▶ About this exercise
Write an exact copy of the entries below that leaves out all pictures.

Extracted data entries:
Start of Block

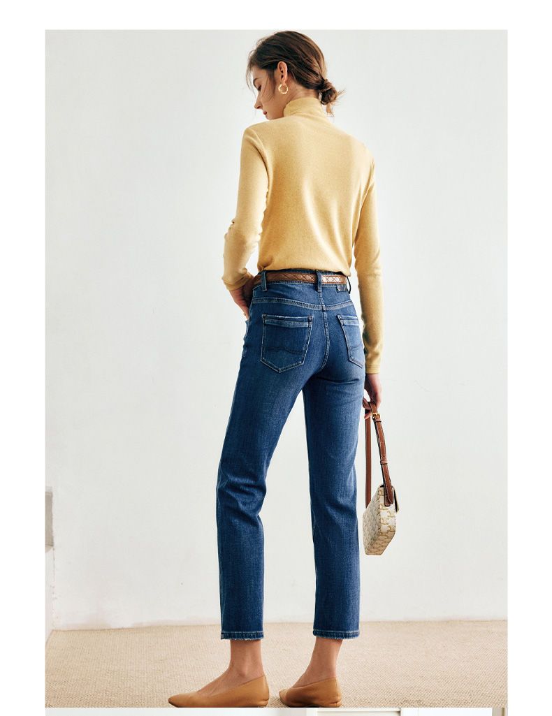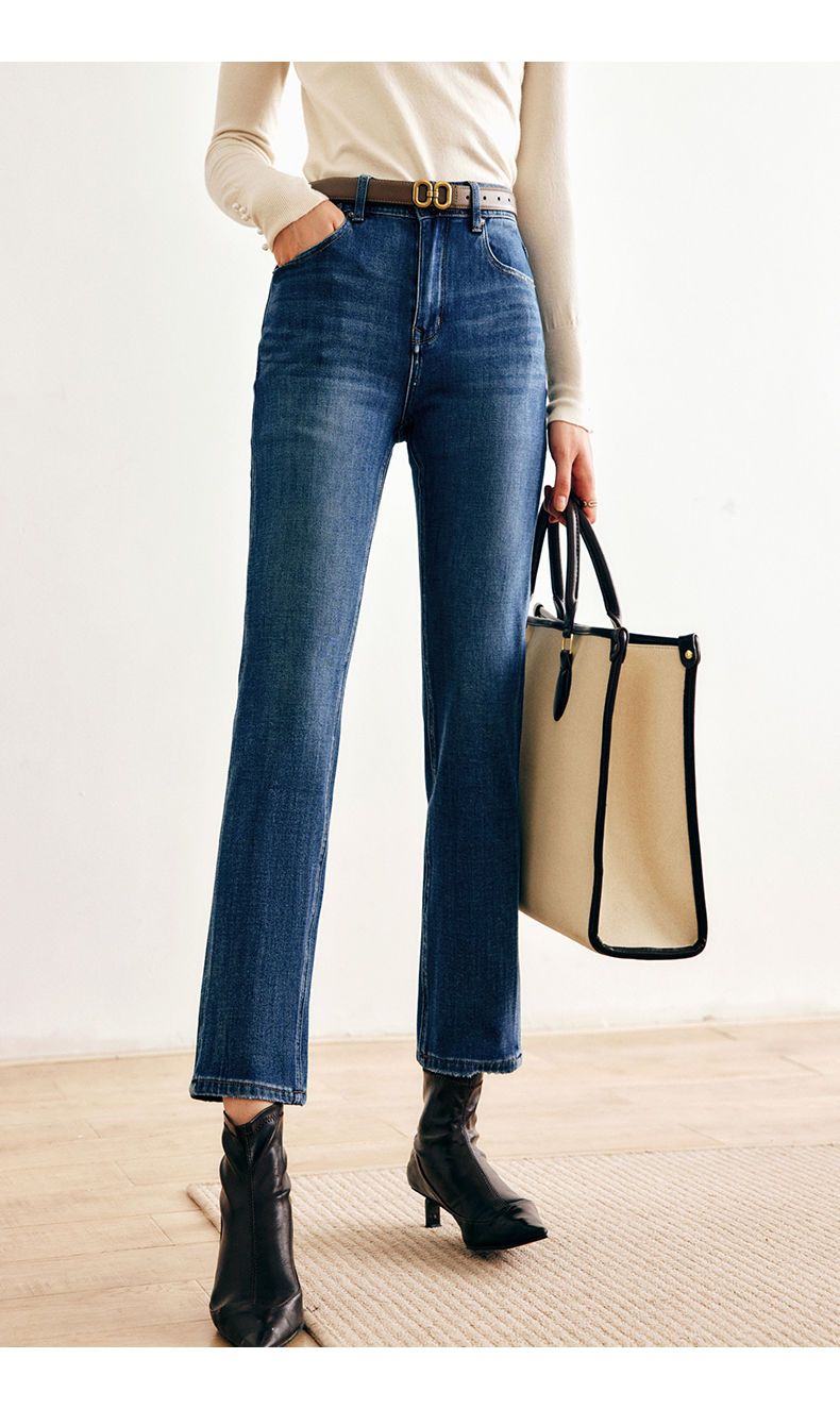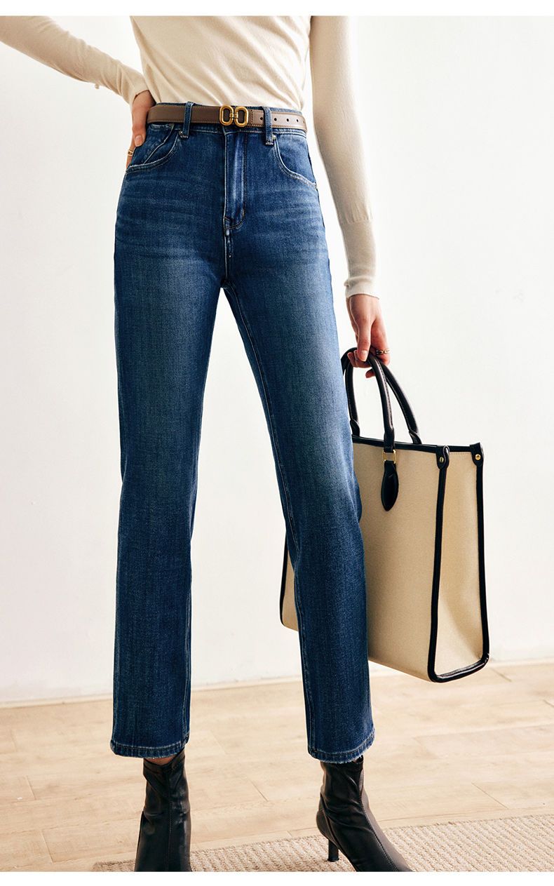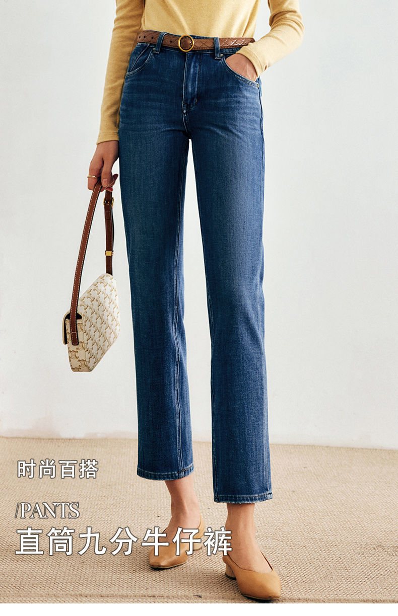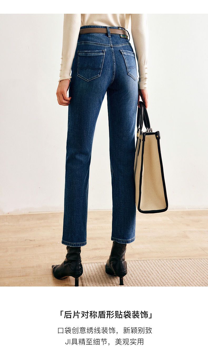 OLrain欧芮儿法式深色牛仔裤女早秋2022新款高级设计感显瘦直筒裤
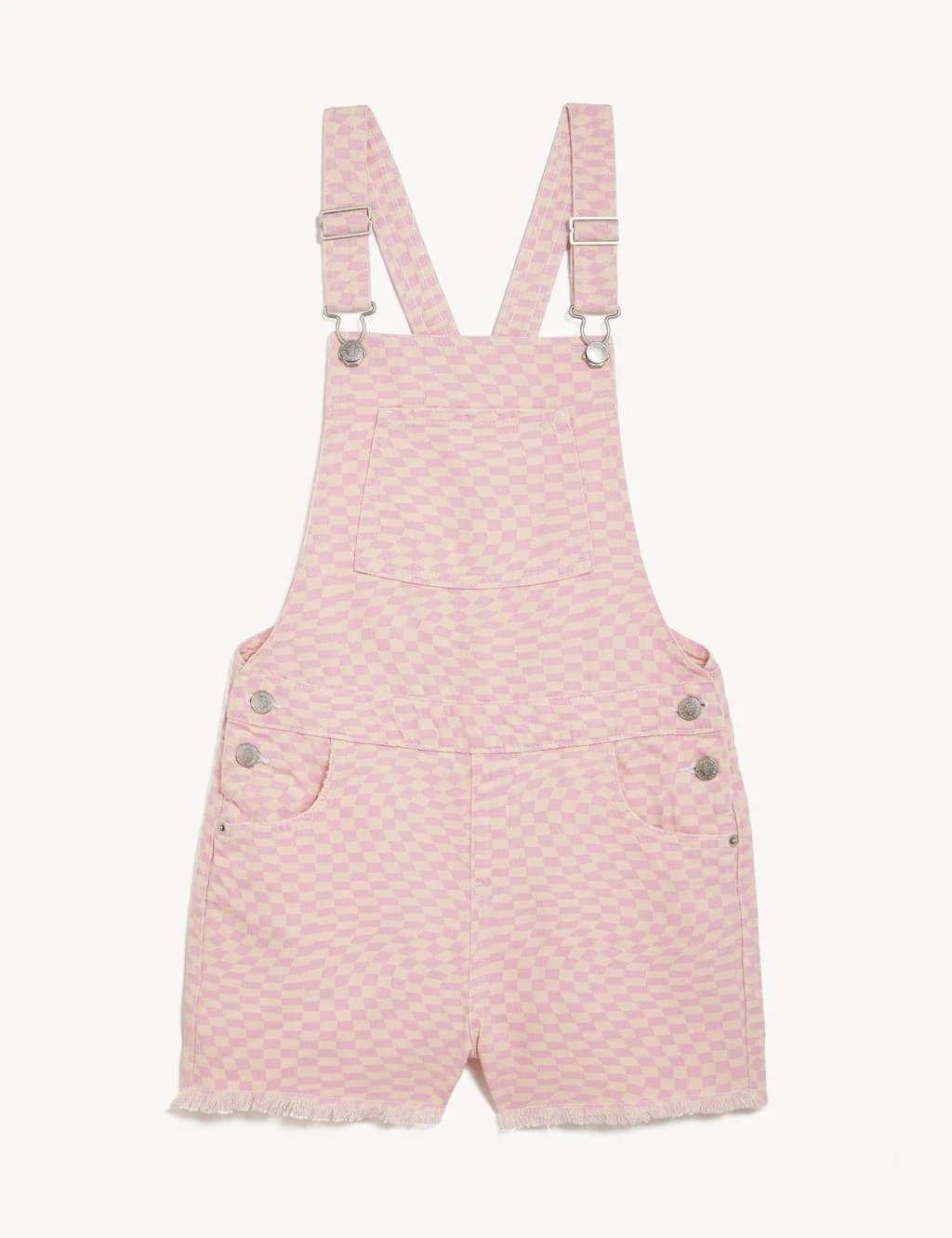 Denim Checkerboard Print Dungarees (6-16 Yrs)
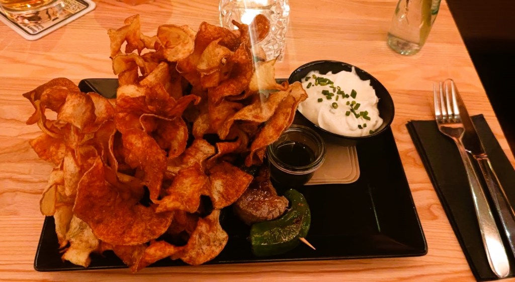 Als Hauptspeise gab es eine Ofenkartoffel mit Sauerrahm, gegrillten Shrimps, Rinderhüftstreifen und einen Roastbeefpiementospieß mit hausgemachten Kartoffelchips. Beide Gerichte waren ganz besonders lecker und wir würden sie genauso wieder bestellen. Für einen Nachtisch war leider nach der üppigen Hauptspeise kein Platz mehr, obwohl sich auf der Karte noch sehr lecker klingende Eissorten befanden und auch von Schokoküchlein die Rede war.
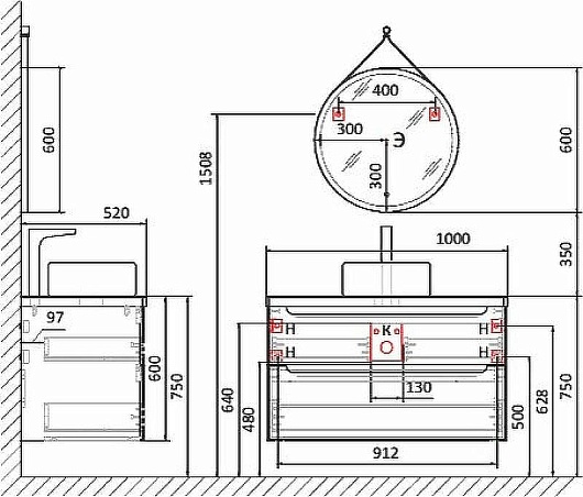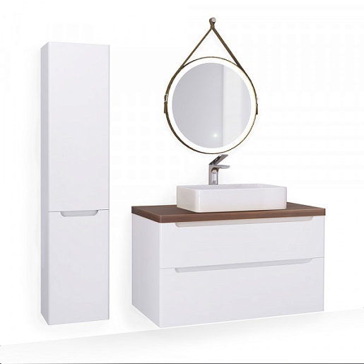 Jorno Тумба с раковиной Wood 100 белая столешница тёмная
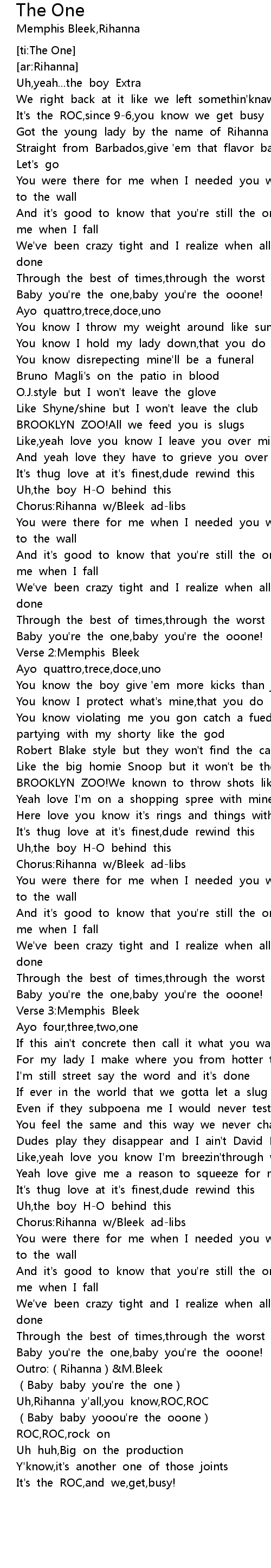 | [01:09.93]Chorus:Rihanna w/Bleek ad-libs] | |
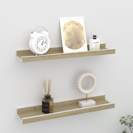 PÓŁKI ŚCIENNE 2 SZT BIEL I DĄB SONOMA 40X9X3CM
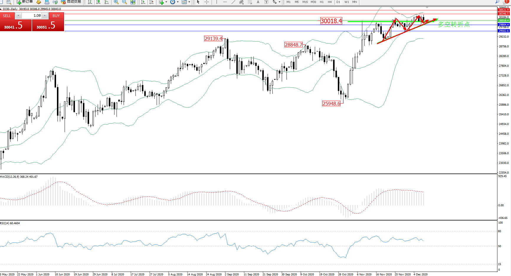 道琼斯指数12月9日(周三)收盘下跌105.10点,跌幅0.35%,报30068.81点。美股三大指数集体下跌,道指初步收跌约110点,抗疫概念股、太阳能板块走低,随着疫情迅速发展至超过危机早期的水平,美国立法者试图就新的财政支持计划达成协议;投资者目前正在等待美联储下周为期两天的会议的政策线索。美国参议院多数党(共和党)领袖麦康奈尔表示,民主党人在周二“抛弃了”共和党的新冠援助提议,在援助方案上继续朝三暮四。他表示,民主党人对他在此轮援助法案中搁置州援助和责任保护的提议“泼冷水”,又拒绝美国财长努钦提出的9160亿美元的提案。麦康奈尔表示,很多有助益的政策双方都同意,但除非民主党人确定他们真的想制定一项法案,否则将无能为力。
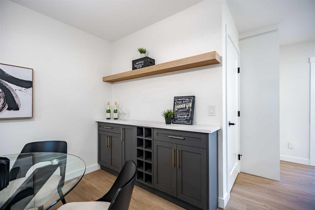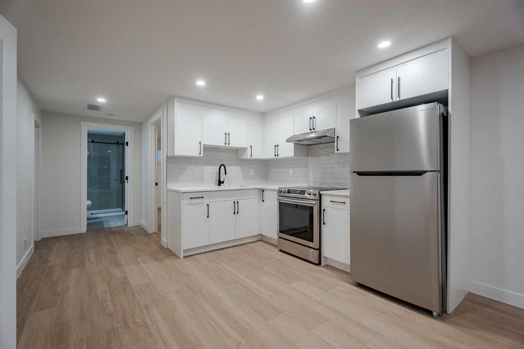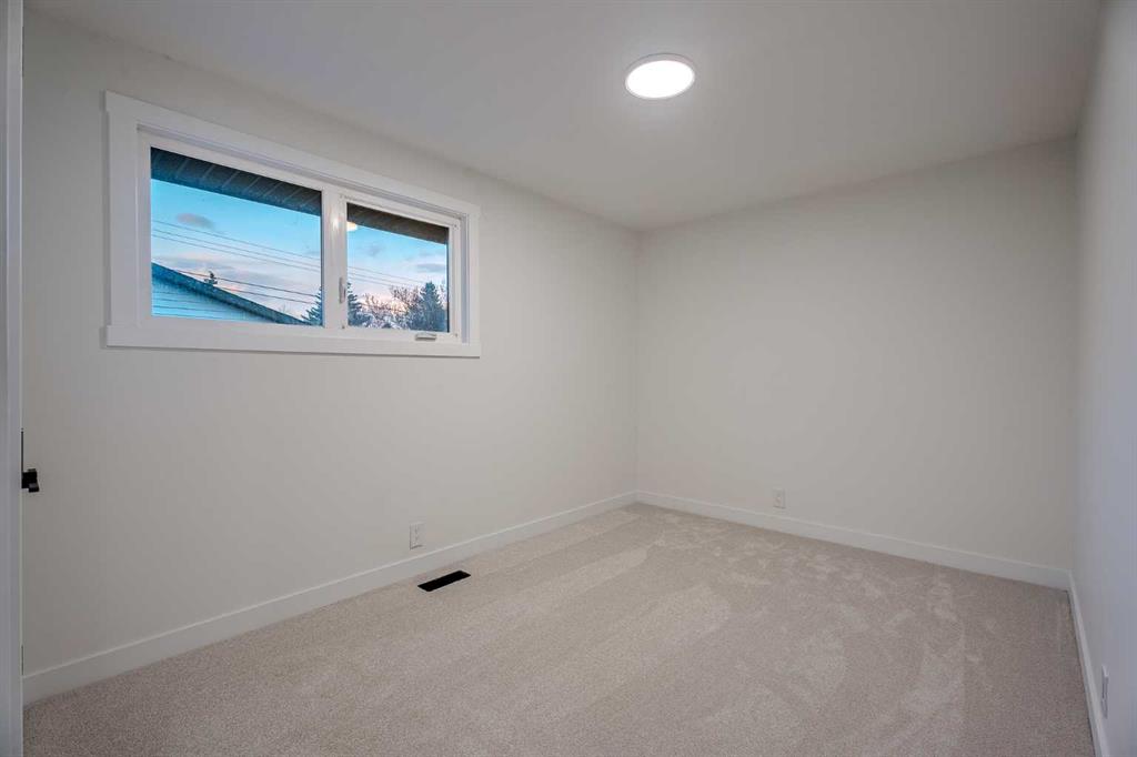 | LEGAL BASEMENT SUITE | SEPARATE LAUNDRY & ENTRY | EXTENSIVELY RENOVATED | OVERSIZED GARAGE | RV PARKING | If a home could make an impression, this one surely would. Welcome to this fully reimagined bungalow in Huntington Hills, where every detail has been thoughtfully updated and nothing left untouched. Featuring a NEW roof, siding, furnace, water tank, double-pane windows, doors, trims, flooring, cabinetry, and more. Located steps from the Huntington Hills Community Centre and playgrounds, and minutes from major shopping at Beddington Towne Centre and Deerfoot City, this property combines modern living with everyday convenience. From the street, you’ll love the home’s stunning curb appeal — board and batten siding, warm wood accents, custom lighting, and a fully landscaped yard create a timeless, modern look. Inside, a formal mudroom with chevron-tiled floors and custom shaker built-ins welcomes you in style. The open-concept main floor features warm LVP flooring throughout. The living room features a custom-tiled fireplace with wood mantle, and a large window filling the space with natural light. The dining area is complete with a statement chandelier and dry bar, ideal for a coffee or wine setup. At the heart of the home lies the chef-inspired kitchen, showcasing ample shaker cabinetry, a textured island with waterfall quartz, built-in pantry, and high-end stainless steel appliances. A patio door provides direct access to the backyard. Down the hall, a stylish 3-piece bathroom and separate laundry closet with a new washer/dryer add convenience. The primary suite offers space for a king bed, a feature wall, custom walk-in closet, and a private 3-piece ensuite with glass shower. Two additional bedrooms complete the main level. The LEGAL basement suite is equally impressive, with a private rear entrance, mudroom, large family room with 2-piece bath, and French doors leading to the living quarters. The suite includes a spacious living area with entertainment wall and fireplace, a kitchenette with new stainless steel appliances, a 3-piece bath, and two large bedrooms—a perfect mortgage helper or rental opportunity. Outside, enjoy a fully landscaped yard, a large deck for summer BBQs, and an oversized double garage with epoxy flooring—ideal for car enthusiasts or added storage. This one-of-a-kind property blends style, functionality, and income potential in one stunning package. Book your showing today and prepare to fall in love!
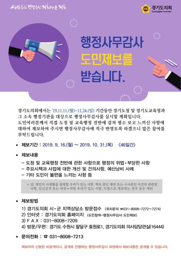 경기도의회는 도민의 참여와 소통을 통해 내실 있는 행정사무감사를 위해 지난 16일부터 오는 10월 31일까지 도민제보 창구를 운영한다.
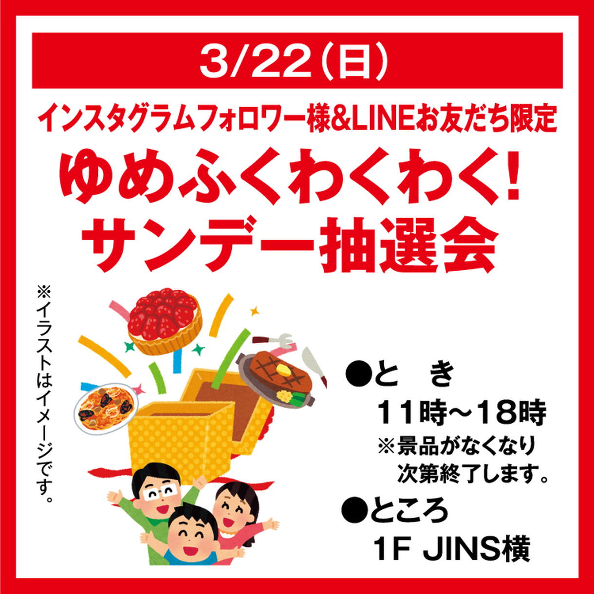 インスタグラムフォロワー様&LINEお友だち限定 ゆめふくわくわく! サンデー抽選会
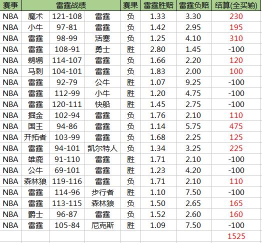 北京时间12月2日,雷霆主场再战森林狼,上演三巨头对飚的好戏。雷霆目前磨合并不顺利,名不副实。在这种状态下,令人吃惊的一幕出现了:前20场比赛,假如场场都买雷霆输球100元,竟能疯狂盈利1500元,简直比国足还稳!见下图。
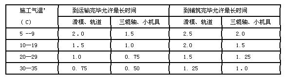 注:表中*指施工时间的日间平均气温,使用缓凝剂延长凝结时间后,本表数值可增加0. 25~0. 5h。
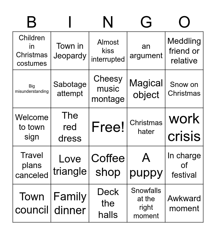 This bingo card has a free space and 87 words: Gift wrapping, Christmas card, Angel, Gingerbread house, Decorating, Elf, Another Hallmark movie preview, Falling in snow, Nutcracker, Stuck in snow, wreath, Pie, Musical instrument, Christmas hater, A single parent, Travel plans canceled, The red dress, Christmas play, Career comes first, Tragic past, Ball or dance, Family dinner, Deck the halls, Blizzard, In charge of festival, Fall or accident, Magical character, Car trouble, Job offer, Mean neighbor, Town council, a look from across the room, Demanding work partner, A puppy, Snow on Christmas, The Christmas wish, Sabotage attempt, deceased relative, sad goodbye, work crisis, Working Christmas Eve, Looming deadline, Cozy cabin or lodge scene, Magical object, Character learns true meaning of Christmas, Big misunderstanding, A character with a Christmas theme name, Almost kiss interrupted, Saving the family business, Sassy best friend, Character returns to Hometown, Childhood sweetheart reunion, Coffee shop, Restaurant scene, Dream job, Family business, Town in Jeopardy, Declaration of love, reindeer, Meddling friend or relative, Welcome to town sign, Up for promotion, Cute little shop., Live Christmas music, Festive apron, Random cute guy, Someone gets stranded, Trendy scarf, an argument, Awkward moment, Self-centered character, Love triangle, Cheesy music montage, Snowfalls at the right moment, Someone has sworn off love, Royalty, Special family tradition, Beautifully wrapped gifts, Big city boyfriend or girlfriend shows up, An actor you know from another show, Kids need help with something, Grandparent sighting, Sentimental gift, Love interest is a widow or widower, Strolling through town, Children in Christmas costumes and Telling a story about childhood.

End of Block

▶ Problem solution
 OLrain欧芮儿法式深色牛仔裤女早秋2022新款高级设计感显瘦直筒裤
 Denim Checkerboard Print Dungarees (6-16 Yrs)
 Als Hauptspeise gab es eine Ofenkartoffel mit Sauerrahm, gegrillten Shrimps, Rinderhüftstreifen und einen Roastbeefpiementospieß mit hausgemachten Kartoffelchips. Beide Gerichte waren ganz besonders lecker und wir würden sie genauso wieder bestellen. Für einen Nachtisch war leider nach der üppigen Hauptspeise kein Platz mehr, obwohl sich auf der Karte noch sehr lecker klingende Eissorten befanden und auch von Schokoküchlein die Rede war.
 Jorno Тумба с раковиной Wood 100 белая столешница тёмная
 | [01:09.93]Chorus:Rihanna w/Bleek ad-libs] | |
 PÓŁKI ŚCIENNE 2 SZT BIEL I DĄB SONOMA 40X9X3CM
 道琼斯指数12月9日(周三)收盘下跌105.10点,跌幅0.35%,报30068.81点。美股三大指数集体下跌,道指初步收跌约110点,抗疫概念股、太阳能板块走低,随着疫情迅速发展至超过危机早期的水平,美国立法者试图就新的财政支持计划达成协议;投资者目前正在等待美联储下周为期两天的会议的政策线索。美国参议院多数党(共和党)领袖麦康奈尔表示,民主党人在周二“抛弃了”共和党的新冠援助提议,在援助方案上继续朝三暮四。他表示,民主党人对他在此轮援助法案中搁置州援助和责任保护的提议“泼冷水”,又拒绝美国财长努钦提出的9160亿美元的提案。麦康奈尔表示,很多有助益的政策双方都同意,但除非民主党人确定他们真的想制定一项法案,否则将无能为力。
 | LEGAL BASEMENT SUITE | SEPARATE LAUNDRY & ENTRY | EXTENSIVELY RENOVATED | OVERSIZED GARAGE | RV PARKING | If a home could make an impression, this one surely would. Welcome to this fully reimagined bungalow in Huntington Hills, where every detail has been thoughtfully updated and nothing left untouched. Featuring a NEW roof, siding, furnace, water tank, double-pane windows, doors, trims, flooring, cabinetry, and more. Located steps from the Huntington Hills Community Centre and playgrounds, and minutes from major shopping at Beddington Towne Centre and Deerfoot City, this property combines modern living with everyday convenience. From the street, you’ll love the home’s stunning curb appeal — board and batten siding, warm wood accents, custom lighting, and a fully landscaped yard create a timeless, modern look. Inside, a formal mudroom with chevron-tiled floors and custom shaker built-ins welcomes you in style. The open-concept main floor features warm LVP flooring throughout. The living room features a custom-tiled fireplace with wood mantle, and a large window filling the space with natural light. The dining area is complete with a statement chandelier and dry bar, ideal for a coffee or wine setup. At the heart of the home lies the chef-inspired kitchen, showcasing ample shaker cabinetry, a textured island with waterfall quartz, built-in pantry, and high-end stainless steel appliances. A patio door provides direct access to the backyard. Down the hall, a stylish 3-piece bathroom and separate laundry closet with a new washer/dryer add convenience. The primary suite offers space for a king bed, a feature wall, custom walk-in closet, and a private 3-piece ensuite with glass shower. Two additional bedrooms complete the main level. The LEGAL basement suite is equally impressive, with a private rear entrance, mudroom, large family room with 2-piece bath, and French doors leading to the living quarters. The suite includes a spacious living area with entertainment wall and fireplace, a kitchenette with new stainless steel appliances, a 3-piece bath, and two large bedrooms—a perfect mortgage helper or rental opportunity. Outside, enjoy a fully landscaped yard, a large deck for summer BBQs, and an oversized double garage with epoxy flooring—ideal for car enthusiasts or added storage. This one-of-a-kind property blends style, functionality, and income potential in one stunning package. Book your showing today and prepare to fall in love!
 경기도의회는 도민의 참여와 소통을 통해 내실 있는 행정사무감사를 위해 지난 16일부터 오는 10월 31일까지 도민제보 창구를 운영한다.
 インスタグラムフォロワー様&LINEお友だち限定 ゆめふくわくわく! サンデー抽選会
 北京时间12月2日,雷霆主场再战森林狼,上演三巨头对飚的好戏。雷霆目前磨合并不顺利,名不副实。在这种状态下,令人吃惊的一幕出现了:前20场比赛,假如场场都买雷霆输球100元,竟能疯狂盈利1500元,简直比国足还稳!见下图。
 注:表中*指施工时间的日间平均气温,使用缓凝剂延长凝结时间后,本表数值可增加0. 25~0. 5h。
 This bingo card has a free space and 87 words: Gift wrapping, Christmas card, Angel, Gingerbread house, Decorating, Elf, Another Hallmark movie preview, Falling in snow, Nutcracker, Stuck in snow, wreath, Pie, Musical instrument, Christmas hater, A single parent, Travel plans canceled, The red dress, Christmas play, Career comes first, Tragic past, Ball or dance, Family dinner, Deck the halls, Blizzard, In charge of festival, Fall or accident, Magical character, Car trouble, Job offer, Mean neighbor, Town council, a look from across the room, Demanding work partner, A puppy, Snow on Christmas, The Christmas wish, Sabotage attempt, deceased relative, sad goodbye, work crisis, Working Christmas Eve, Looming deadline, Cozy cabin or lodge scene, Magical object, Character learns true meaning of Christmas, Big misunderstanding, A character with a Christmas theme name, Almost kiss interrupted, Saving the family business, Sassy best friend, Character returns to Hometown, Childhood sweetheart reunion, Coffee shop, Restaurant scene, Dream job, Family business, Town in Jeopardy, Declaration of love, reindeer, Meddling friend or relative, Welcome to town sign, Up for promotion, Cute little shop., Live Christmas music, Festive apron, Random cute guy, Someone gets stranded, Trendy scarf, an argument, Awkward moment, Self-centered character, Love triangle, Cheesy music montage, Snowfalls at the right moment, Someone has sworn off love, Royalty, Special family tradition, Beautifully wrapped gifts, Big city boyfriend or girlfriend shows up, An actor you know from another show, Kids need help with something, Grandparent sighting, Sentimental gift, Love interest is a widow or widower, Strolling through town, Children in Christmas costumes and Telling a story about childhood.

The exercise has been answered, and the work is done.